# Applied for a job



## Scrub-Zero (Feb 9, 2004)

Yep, i went in there, crushed the manager's hand in mine and asked him if they were still looking for someone. He made me fill out a job application and told me they still needed someone. I think i did well. I was confident(though i was shaking like crazy on the inside :lol) I spoke without a shaking voice and i looked him right in the eyes. :nw

Wish me luck! I haven't heard from them yet, but monday morning at first light, i'm heading there again and i'm getting that job!! :yes

oh and the job is in a videogame/comic book store(part-time) :banana


----------



## Gerard (Feb 3, 2004)

Good luck. You work in a video game/comic book store? That's so cool.


----------



## millenniumman75 (Feb 4, 2005)

Triste Golem,

The ifrst word in your username means "sad" but that post is NOT characterisitc of a sad person, just a person with SAD. :b

Anyway, I think it is great that you will be doing something where you would have a vested interest. You seem to know a lot about anime/art and comic book stuff. You would be able to help people looking for a certain character or issue.

I hope it will work out! :boogie :boogie :boogie


----------



## bb927 (Sep 16, 2006)

good for you! I'm proud of you! lol! I sound dumb, but I mean it.


----------



## emeraldoceans (Sep 13, 2006)

Wooohooooooooo way to go triste Golem! :banana


----------



## Amande (Feb 5, 2005)

Yay! You know what this situation calls for, don't you?

la grande banane!


----------



## Scrub-Zero (Feb 9, 2004)

Amozza said:


> Yay! You know what this situation calls for, don't you?
> 
> la grande banane!


 :lol :rofl :nw



unsure said:


> You work in a video game/comic book store? That's so cool.


not yet...I will know monday if i work there or not 
I definitely would love to work there.



bb927 said:


> good for you! I'm proud of you! lol! I sound dumb, but I mean it.


It doesn't sound dumb at all 
Thank you.



millenniumman75 said:


> The first word in your username means "sad" but that post is NOT characterisitc of a sad person, just a person with SAD.


I'm not always that cheerful. Beleive me, the name fits me perfectly 



millenniumman75 said:


> Anyway, I think it is great that you will be doing something where you would have a vested interest. You seem to know a lot about anime/art and comic book stuff. You would be able to help people looking for a certain character or issue.

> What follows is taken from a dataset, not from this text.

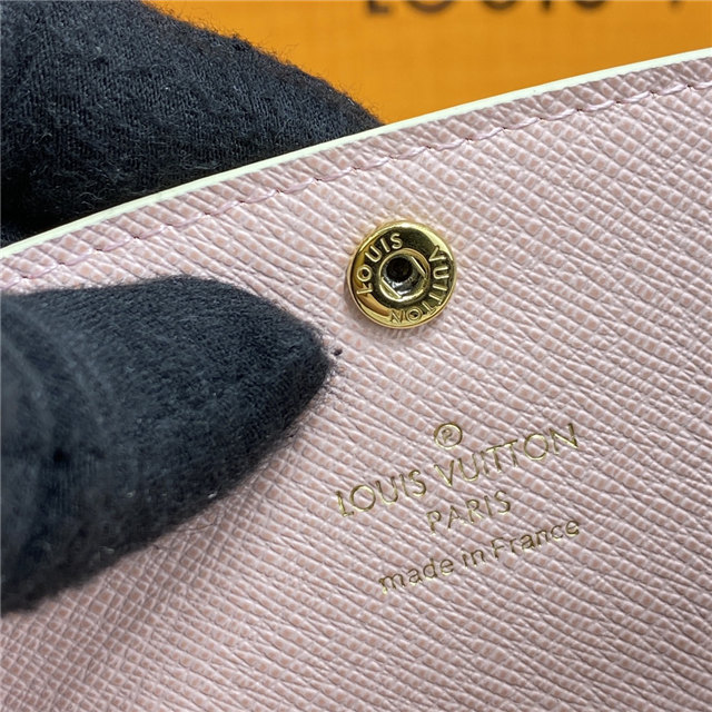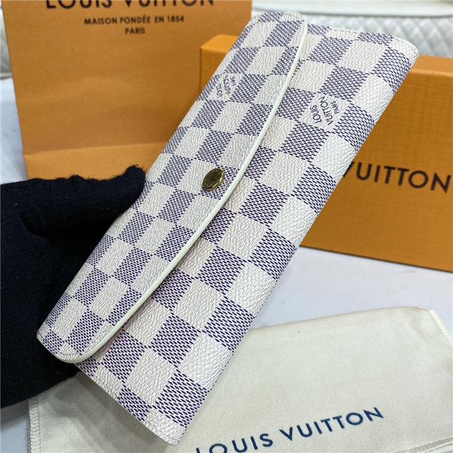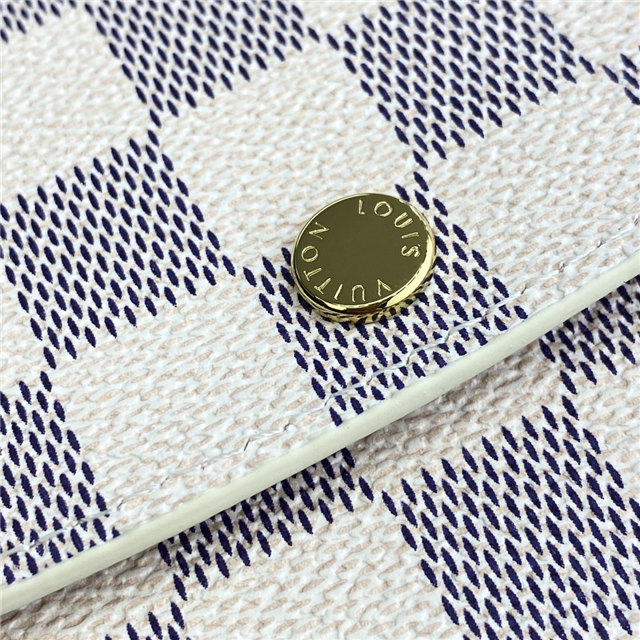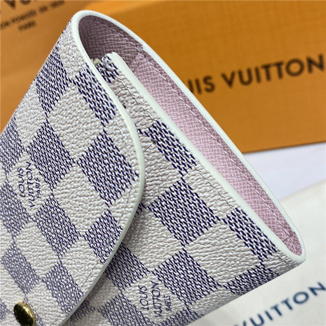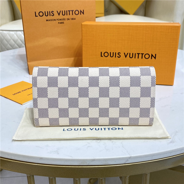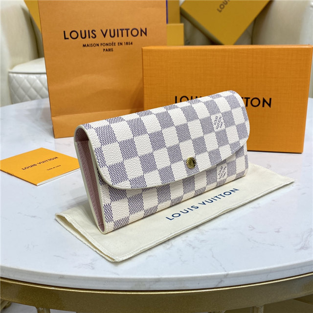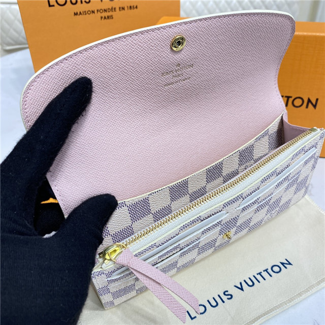 The Emilie wallet in Damier Azur canvas is a simple yet elegant design lined with grained cowhide leather. Its envelope-style flap opens to reveal a spacious interior compartment, zipped coin pocket and four card slots. With its slim-line format, the Emilie fits into any city bag, and can also double as a clutch.

I've been wanting to work in a store like that for so long. The pay won't be great but games and comic books is something i enjoy very much. It beats being well paid...for now anyway 

And if i don't get that job, i'll just look for something else with similar hours. I feel like i need to work/be out of the house more or i'll go nut :troll 
I think i'm ready for this 

*emeraldoceans*

thats a really beautiful bird you have as your avatar :yes
thank you also.


----------



## Tungsten (Dec 11, 2005)

Good luck! It's always smart to look for a job that you will actually enjoy doing. Hope you get it.


----------



## clenched_fist (Jan 4, 2004)

_Good luck!_ :squeeze


----------



## shiznit (Nov 21, 2004)

You know what ur doing. Good for you. If you dont hear from them within reasonable time, make sure you call them and express intrest.


----------



## Scrub-Zero (Feb 9, 2004)

I didn't get the job 
According to the manager, i don't have enough work experience. :roll 
but he's right i guess. I haven't worked in years.
oh well...This sucks :cry 

so now i need to look for something and go through all the interviews again...and again :fall 

*feels like giving up* :hide


----------



## dora (Apr 21, 2006)

Triste Golem
Just want to share my first job experience. I didn't have much experience with the job I wanted. I didn't get called for many interviews either at that time. So, When I did get called for an interview, I was willing to do anything to get it. I went there and first thing I heard from the interviewer is "we don't have an opening. There has been a mistake . someone called you without notifying me" pretty much I was asked to get out before even I had a chance to sit down. I just told this guy that's okay I understand. Then he asked me to sit down and apologized for not notifying me about it. Then I told this guy " I understand you don't want me but I am curious about your business (they had website and I didn't know how their business is making money)" Then this guy ended up chatting with me for 15mins. I left after thanking this guy for spending time with me even though he doesn't have to. Guess what happened a week later? I received an offer to join that company even though we spoke nothing about the job, the interviewer had authorized for the offer. I worked there for 1.5years. Just want to tell you when you hear something like that. Its not end of it. I would just go there once in a while and have a chat with employees or if I get another chance with manager, I would start a friendly chat about video and comics in general , about likes and dislikes about latest , things like that.
May be this manager will change his mind . Even when that doesn't happen at least you would gain experience chatting with strangers


----------



## IndigoGirl (Aug 13, 2006)

Luck be with you!


----------



## slurpazillia (Nov 18, 2005)

---


----------



## Scrub-Zero (Feb 9, 2004)

Thank you Dora for sharing your advice.
I'll try it and see if it will give results 

Thanks, IndigoGirl1987 



Slurpavillia said:


> Good luck! Have you ever thought of applying at EB games?


Actualy, i never applied there. They have quite a few of those stores here too. Thanks for the suggestion 

Monday and tuesday i applied to a couple of places and got one call back this morning(out of 10 places i applied to :um ). I didn't answer the phone... i was sleeping :blush so i need to call them back...I guess it's true when they say " the early bird gets the worm" haha! :b 
well, hopefully this job search pays off soon :fall


----------



## SAgirl (Nov 15, 2003)

Triste, Give yourself a pat on the back for just applying to these places. The more places you apply to the more confident you should feel. Good Luck!


----------



## Scrub-Zero (Feb 9, 2004)

Thanks SAgirl 

I'll try to keep at it until i find something. I'm getting tired of it already though...even if i have 2 interviews this week. My paranoid mind makes me beleive that i'll go through both interviews and i won't get hired...but i know reality is different than whats going on in my mind, thankfully :lol


----------